25 thoughts on “Zettelkasten History Prior to Niklas Luhmann: Antonin Sertillanges”

  1. Hi Chris, I checked Chavigny’s book on the BNF site. He insists on the use of index cards (‘fiches’), how to index them, one idea per card but not how to connect between the cards and allow navigation between them.

    Mind that it’s written in 1919, in Strasbourg (my hometown) just one year after it returned to France. So between students who used this book and Luhman in Freiburg it’s not far away. My mother taught me how to use cards for my studies back in 1977, I still have the book where she learn the method, as Law student in Strasbourg “Comment se documenter”, by
    Roland Claude, 1961. Page 25 describes a way to build secondary index to receive all cards relatives to a topic by their number. Still Luhman system seems easier to maintain but very near.

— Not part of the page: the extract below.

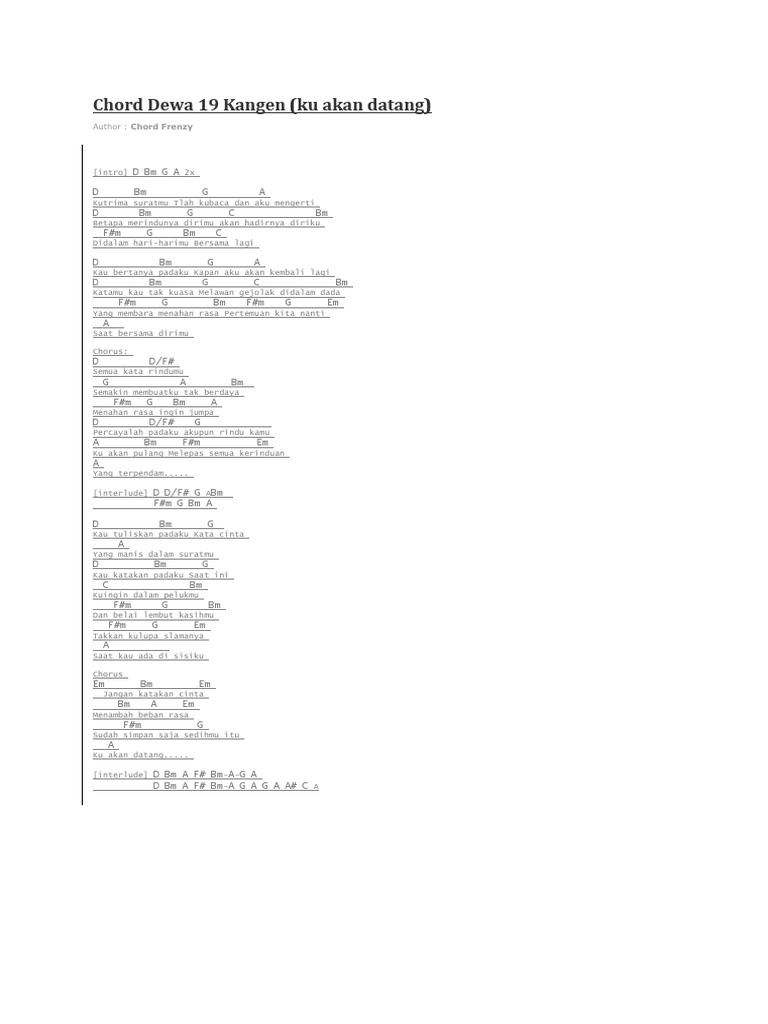 Chord Dewa 19 Kangen Ku Akan Datang Chordfrenzy

    I’m not a fan of ZK myself. It was great before computers and Internet but it’s a lot of work and adds a lot of friction.

    1. Thanks for these points of reference as well as your personal experience Bruno, particularly since I’ve not been able to find translations in English.

      I’ve now got some clear evidence of the specific method going back to Konrad Gessner including the quirky use of numbering/alphabet that Luhmann uses which probably not coincidentally coincides with street address systems used in early Vienna.

      In 1986 in the sixth grade I was taught to use index cards to do some research to write a paper, but nothing coming close to use as an actual thought out system. It’s interesting to see how much of these taught practices had disappeared in just a few generations. And it seems all the worse that we’re now trying to recreate them digitally without any hindsight of our shared history.

      Thanks again!

  2. I went down the rabbit hole on this 🙂 Hours well spent

    In the book I found here, at the very end the author mentions early work on computers to index and manage topic-based access to sources. I was stunned that so early as 1961 this was already in books for the general public. The system was called SYNTOL (Syntopical something). I search again and again and found a single book referring to it https://www.amazon.fr/Automating-Linguistics-History-Computing-English-ebook/dp/B093KKR99S

    Lucky enough I wait a day and thought that it could exist in French. It does and is open source. There you find precursing ideas of the modern use of NLP to solve this problem. It solves the heavy work of numbering and keeping pointers and collections. I use a similar philosophy in Kneaver but with modern NLP.

    Bottom line in 1961 the state of the art on the topic was already a lot ahead. What was missing is Internet, personal computers, and access to digital form research. Mid-1980s that was available and cards could be shelved. Now we have AI-based NLP are it becomes reliable.

    1. Fascinating find. Syntopical reading was obviously discussed by Mortimer J. Adler in his book on reading. I’m sure there was likely more earlier work on this from the 1920’s when we began moving from index cards to Hollerinth and other forms of punched cards for computing. I’ve not come across it, but I’m sure a lot of this also influenced folks like Claude Shannon, Vannevar Bush, and Norbert Weiner in the early days of information theory. I suspect there may be even more earlier research on some of that space, but a lot of related work in those spaces was classified by various governments for use in World War II and, if released, much of it hasn’t been reviewed carefully or thoroughly. I wish I could go back and query some of my old professors about some of this time period including Solomon Golomb, Willis Gore, and Frederick Jelinek.

      I’ve gotten a copy of the English version of Jacqueline Léon’s book and hope to at least skim through some of the relevant parts soon.

      I’m noticing that it looks like you use interesting aliased email addresses the same way I do on blogs and other websites. Are you tying responses back into your broader knowledge system using that as well?